[Activity]: Nothing but the records, repeated word for word and free of pictures, belongs in the answer.

<<<<

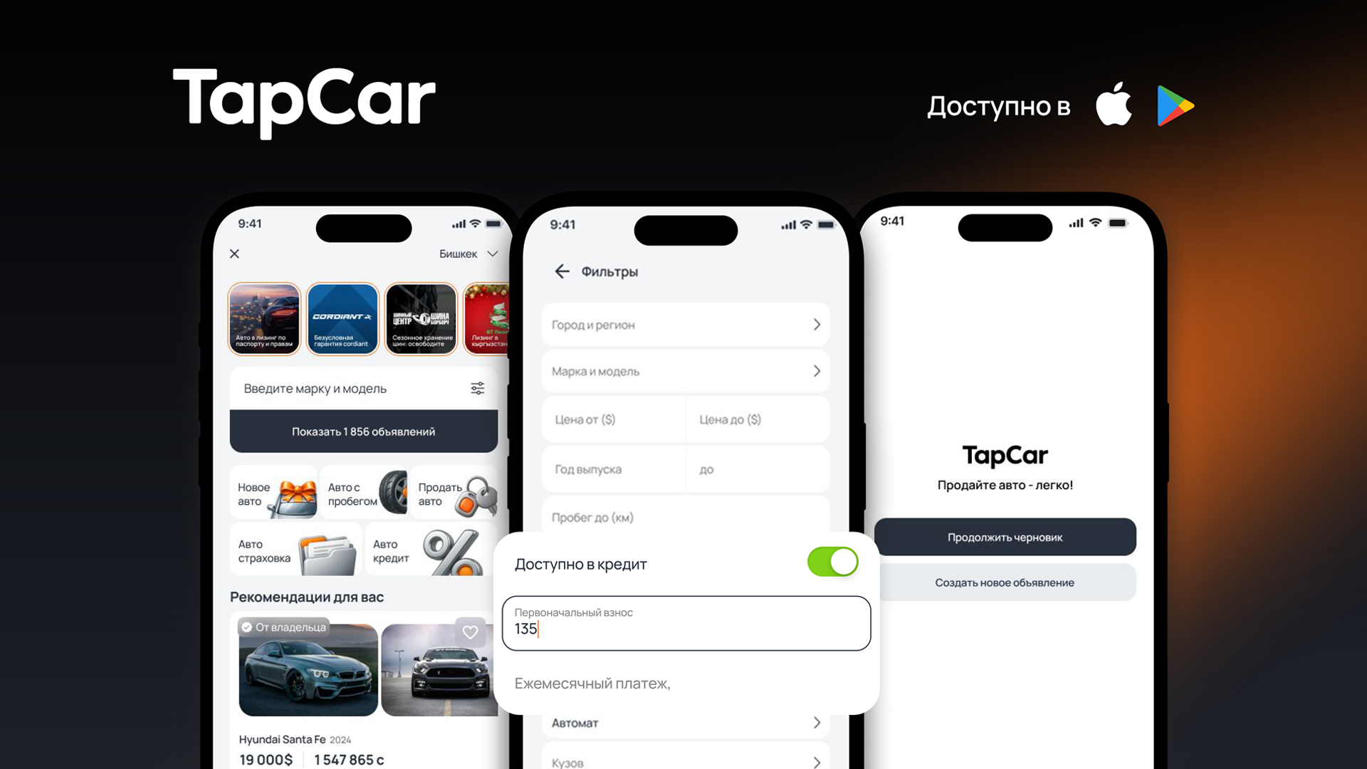 Название Tapcar отражает суть сервиса. Оно образовано от кыргызского слова «tap» – «найти» и английского «car» – «автомобиль», то есть «найти машину». Платформа ориентирована как на частных продавцов, так и на автодилеров. Уже на старте на ней размещены тысячи объявлений с автомобилями разных категорий – от бюджетных моделей до премиального сегмента.
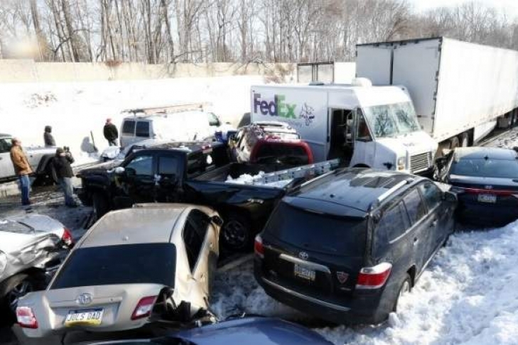 В США в штате Пенсильвания из-за сильного снегопада и гололёда на дорогах столкнулись 59 автомобилей, передает CNN.
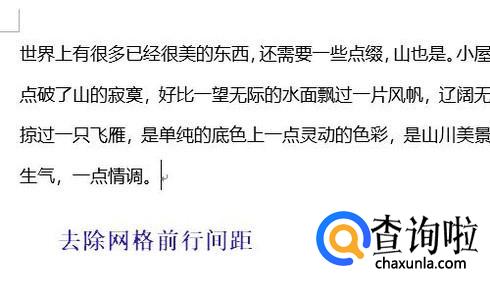 我们手动将这一项调整为“无网格”,就会发现这篇文档的行间距会自动缩小,下图就是调整网格前后的行间距对比图;
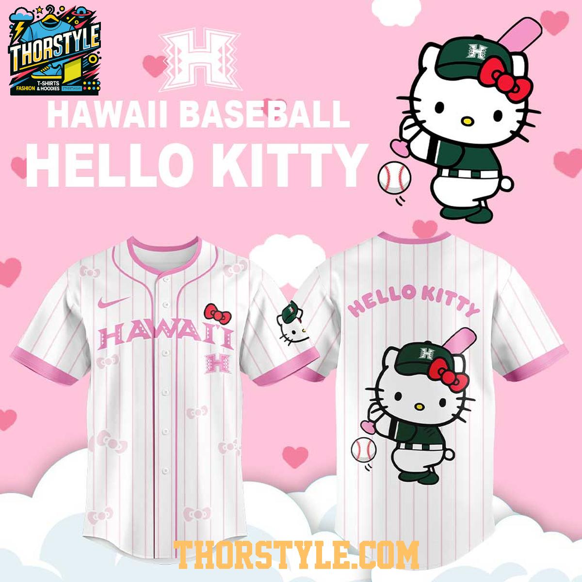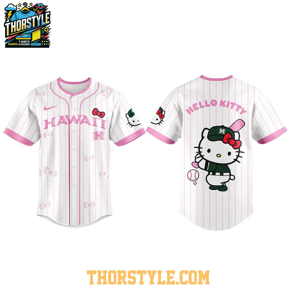 Show your team spirit with the limited edition Hawaii Rainbow Warriors Hello Kitty 2026 Stripe Night Personalized Baseball Jersey. This unique jersey blends the iconic imagery of Hello Kitty with the athletic style of the Hawaii Rainbow Warriors, creating a fun and fashionable way to support your favorite team. Perfect for game days, casual outings, or simply showing off your love for both Hello Kitty and baseball.
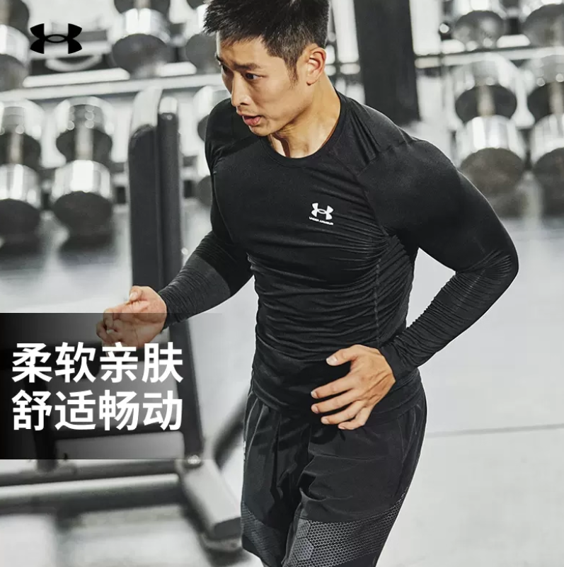 安德玛UA男子百搭春秋款户外运动上衣跑步训练卫衣长袖1343242-001
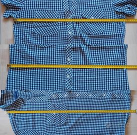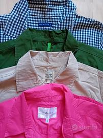 4 camicette in ottime condizioni,il modello è simile:manica corta,taschine sul petto,sciancratura in vita,sono di vari marchi,in cotone,misure in foto
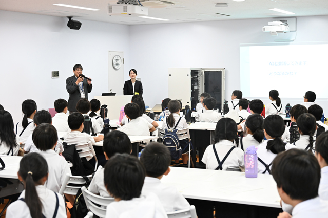 大阪市立生魂(いくたま)小学校の5年生63人を対象とした「未来の学校を考えよう」というテーマの授業を、仲矢史雄産官学イノベーション共創センター副センター長、理数情報教育系の中野淳特任教授、産官学イノベーション共創センターの相原結共同研究員が9月2日(火)にみらい教育共創館にて実施しました。
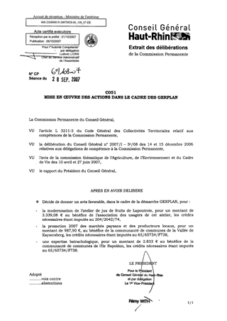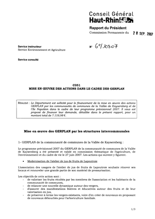 Le Département est sollicité pour le financement de la mise en œuvre des actions GERPLAN par les communautés de communes de la Vallée de Kaysersberg et de l’Ile Napoléon dans le cadre de leur programme prévisionnel 2007. Il vous est proposé de financer leur demande, détaillée dans le présent rapport, pour un montant total de 7.159,98 €.
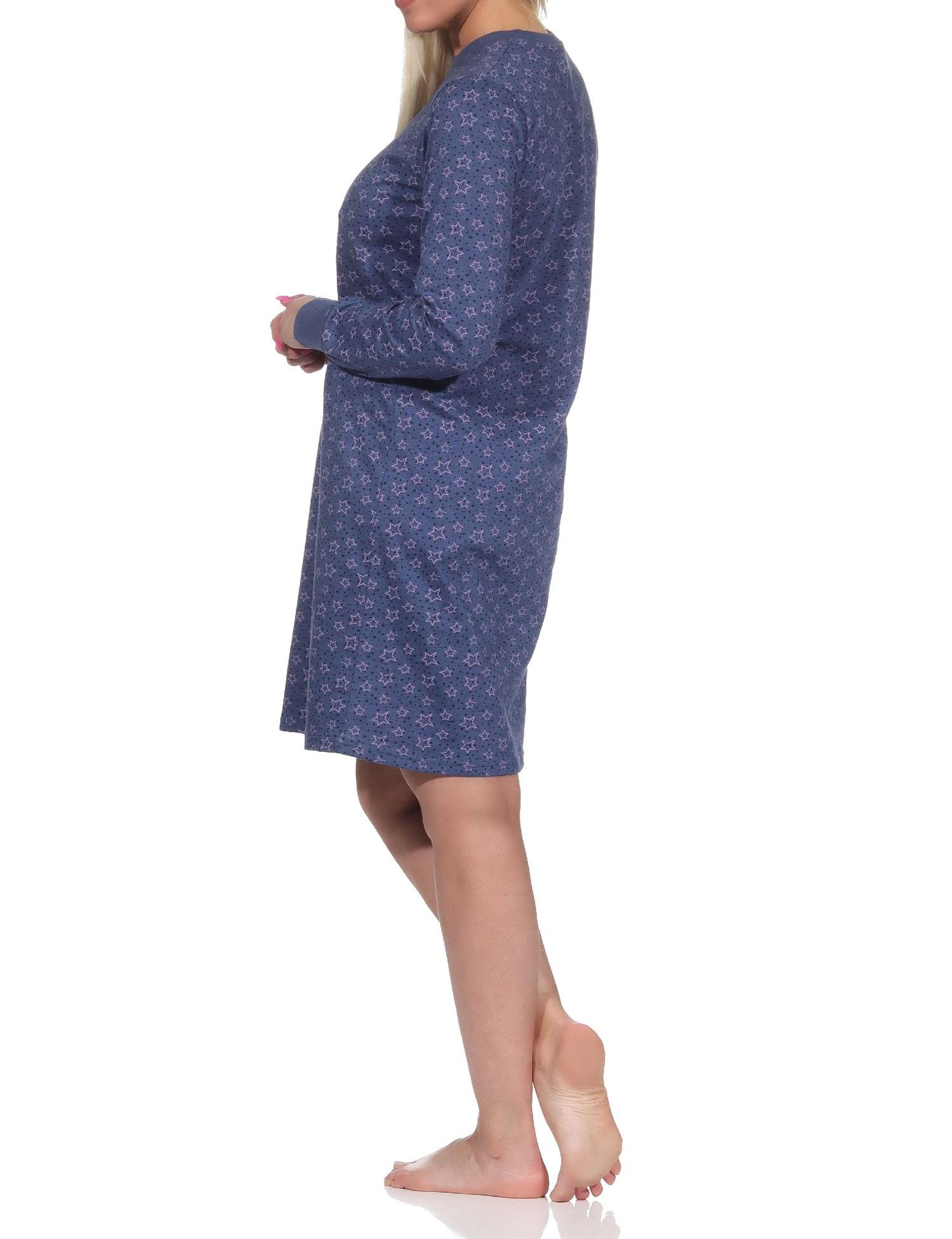 Damen Nachthemd langarm mit Bündchen in Sterne Optik - auch in Übergrößen
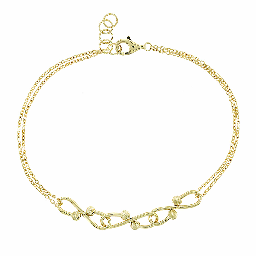 Χρυσό βραχιόλι Κ14 με διπλή αλυσίδα και σχέδιο με κρίκους

>>>>

[Response]:
 Название Tapcar отражает суть сервиса. Оно образовано от кыргызского слова «tap» – «найти» и английского «car» – «автомобиль», то есть «найти машину». Платформа ориентирована как на частных продавцов, так и на автодилеров. Уже на старте на ней размещены тысячи объявлений с автомобилями разных категорий – от бюджетных моделей до премиального сегмента.
 В США в штате Пенсильвания из-за сильного снегопада и гололёда на дорогах столкнулись 59 автомобилей, передает CNN.
 我们手动将这一项调整为“无网格”,就会发现这篇文档的行间距会自动缩小,下图就是调整网格前后的行间距对比图;
 Show your team spirit with the limited edition Hawaii Rainbow Warriors Hello Kitty 2026 Stripe Night Personalized Baseball Jersey. This unique jersey blends the iconic imagery of Hello Kitty with the athletic style of the Hawaii Rainbow Warriors, creating a fun and fashionable way to support your favorite team. Perfect for game days, casual outings, or simply showing off your love for both Hello Kitty and baseball.
 安德玛UA男子百搭春秋款户外运动上衣跑步训练卫衣长袖1343242-001
 4 camicette in ottime condizioni,il modello è simile:manica corta,taschine sul petto,sciancratura in vita,sono di vari marchi,in cotone,misure in foto
 大阪市立生魂(いくたま)小学校の5年生63人を対象とした「未来の学校を考えよう」というテーマの授業を、仲矢史雄産官学イノベーション共創センター副センター長、理数情報教育系の中野淳特任教授、産官学イノベーション共創センターの相原結共同研究員が9月2日(火)にみらい教育共創館にて実施しました。
 Le Département est sollicité pour le financement de la mise en œuvre des actions GERPLAN par les communautés de communes de la Vallée de Kaysersberg et de l’Ile Napoléon dans le cadre de leur programme prévisionnel 2007. Il vous est proposé de financer leur demande, détaillée dans le présent rapport, pour un montant total de 7.159,98 €.
 Damen Nachthemd langarm mit Bündchen in Sterne Optik - auch in Übergrößen
 Χρυσό βραχιόλι Κ14 με διπλή αλυσίδα και σχέδιο με κρίκους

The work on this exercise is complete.